Intuit Inc (NASDAQ:INTU) shares tanked in premarket and morning trading on Friday, even after the company reported strong results for its fiscal third quarter.
The results came amid an exciting earnings season. Here are some key analyst takeaways.
BofA Securities On Intuit
Analyst Brad Sills maintained a Buy rating while cutting the price target from $760 to $730.
“With the major tax quarter now behind Intuit, the company issued a disappointing FY24 outlook,” Sills wrote in a note. The company projected 7%-8% consumer tax growth for fiscal 2024, while “we were expecting 9% to 10%,” he added.
The lower projection was due to share losses at the “free filers and lower ASP filers,” with the company focusing on market share gains in the “up-market CPA segment with TurboTax full service,” the analyst stated. “We believe a focus on the higher value filing segment makes sense, though net share losses are concerning,” he further wrote.
Stifel On Intuit
Analyst Brad Reback reiterated a Buy rating while reducing the price target from $720 to $690.
Intuit reported solid quarterly results with “9% TurboTax growth representing a healthy tax season,” Reback said. He added, however, that the upside was lower than anticipated.
While the company lost market share, this was among non-paying and lower-paying customers, the analyst stated. Intuit gained “meaningful share in the higher-value-Assisted market with the company’s Live business now expected to grow 17% Y/Y in FY24 (30% consumer revs),” he further wrote.
Piper Sandler On Intuit
Analyst Arvind Ramnani maintained an Overweight rating while raising the price target from $750 to $760.
Intuit’s revenue grew by 11.9% to $6,737.0 million, beating the consensus of $6,647.7 million, Ramnani said. With a 55.1% margin, versus Street estimates of 53.0%, the company reported non-GAAP earnings of $9.88 per share, surpassing expectations of $9.38 per share, he added.
“The company raised FY24 guidance across the board,” with revenue projections reflecting 13% year-on-year growth, versus previous guidance of +11%-12%, and the forecast for non-GAAP adjusted earnings being lifted to between $16.79 and $16.84 per share, from previous range of $16.17 to $16.47 per share, the analyst stated.

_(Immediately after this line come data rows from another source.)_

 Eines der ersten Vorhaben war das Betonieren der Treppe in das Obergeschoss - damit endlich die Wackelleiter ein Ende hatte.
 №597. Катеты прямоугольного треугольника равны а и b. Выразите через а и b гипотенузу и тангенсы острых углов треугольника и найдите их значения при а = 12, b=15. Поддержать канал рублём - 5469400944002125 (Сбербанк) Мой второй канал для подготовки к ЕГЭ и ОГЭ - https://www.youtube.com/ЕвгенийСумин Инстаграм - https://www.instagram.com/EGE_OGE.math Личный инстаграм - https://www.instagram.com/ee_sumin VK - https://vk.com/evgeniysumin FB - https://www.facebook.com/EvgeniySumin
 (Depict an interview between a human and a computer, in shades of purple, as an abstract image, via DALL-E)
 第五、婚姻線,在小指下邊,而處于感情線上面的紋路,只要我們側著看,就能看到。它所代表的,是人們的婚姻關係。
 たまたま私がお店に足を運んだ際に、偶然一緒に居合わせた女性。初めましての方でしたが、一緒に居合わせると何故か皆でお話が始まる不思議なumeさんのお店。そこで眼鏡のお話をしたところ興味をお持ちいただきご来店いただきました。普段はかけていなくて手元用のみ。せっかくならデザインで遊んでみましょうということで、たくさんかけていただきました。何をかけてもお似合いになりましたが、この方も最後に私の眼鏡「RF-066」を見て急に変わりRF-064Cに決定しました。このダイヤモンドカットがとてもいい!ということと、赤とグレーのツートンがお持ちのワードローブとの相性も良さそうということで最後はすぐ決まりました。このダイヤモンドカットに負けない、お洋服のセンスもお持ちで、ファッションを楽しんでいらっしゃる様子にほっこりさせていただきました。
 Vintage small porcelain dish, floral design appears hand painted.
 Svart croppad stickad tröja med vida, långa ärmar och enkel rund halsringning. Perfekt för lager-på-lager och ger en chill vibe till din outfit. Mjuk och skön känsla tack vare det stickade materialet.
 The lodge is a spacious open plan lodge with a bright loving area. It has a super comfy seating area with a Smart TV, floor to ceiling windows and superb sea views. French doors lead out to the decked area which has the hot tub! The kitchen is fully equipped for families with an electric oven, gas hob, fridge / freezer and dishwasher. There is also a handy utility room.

“TurboTax Live is expected to grow 17% in FY24, and as it scales and its GenAI capabilities advance, should improve the overall growth rate of the business,” he further wrote.
Check out other analyst stock ratings.
Mizuho Securities On Intuit
Analyst Siti Panigrahi reaffirmed a Buy rating and price target of $725.
Investors were disappointed with Intuit’s Consumer revenue guidance, which reflects around 8% year-on-year growth versus buy-side expectations of 10%, Panigrahi said.
Management indicated the loss of share in the DIY market comprised of free or lower-end customers, which represented higher customer acquisition costs and churn, “as the company focuses its efforts on higher value Assisted customers,” he added.
“While Intuit’s DIY share losses failed to dispel investor concerns over its longer-term growth prospects, we were encouraged by the strong traction with TurboTax Live Full Service this tax season, which should help it achieve 8-12% Y/Y longer-term Consumer growth by penetrating the $30B+ Assisted TAM,” the analyst wrote.
JPMorgan On Intuit
Analyst Mark Murphy reiterated a Neutral rating and price target of $585.
Intuit posted a beat-and-raise quarter, “which has not been a common occurrence in this most recent software earnings cycle,” Murphy said. While the quarterly results came in ahead of expectations across all segments, the macro commentary suggests a “stable, but still uncertain, environment,” he added.
The upward revision in the company’s revenue guidance is “primarily driven by QuickBooks performance,” the analyst stated.
“Overall, we continue to see Intuit as continuing its pattern of consistent execution and innovation in the small business and consumer software markets,” he further wrote.
BMO Capital Markets On Intuit
Analyst Daniel Jester maintained an Outperform rating and price target of $700.
TurboTax delivered revenue of around $3.65 billion, while its Live revenue growth projection of 17% is better than expected, Jester said.
“Paid units grew ~2% y/y while total units declined 1% as free and price sensitive filers have declined, a trend which was greater than we anticipated and expected to continue,” the analyst wrote. “The updated FY24 guide slightly below 8% y/y may be disappointing for investors who anticipated favorable price, mix, and comps to drive results further into the company’s long-term target range (8-12%),” he added.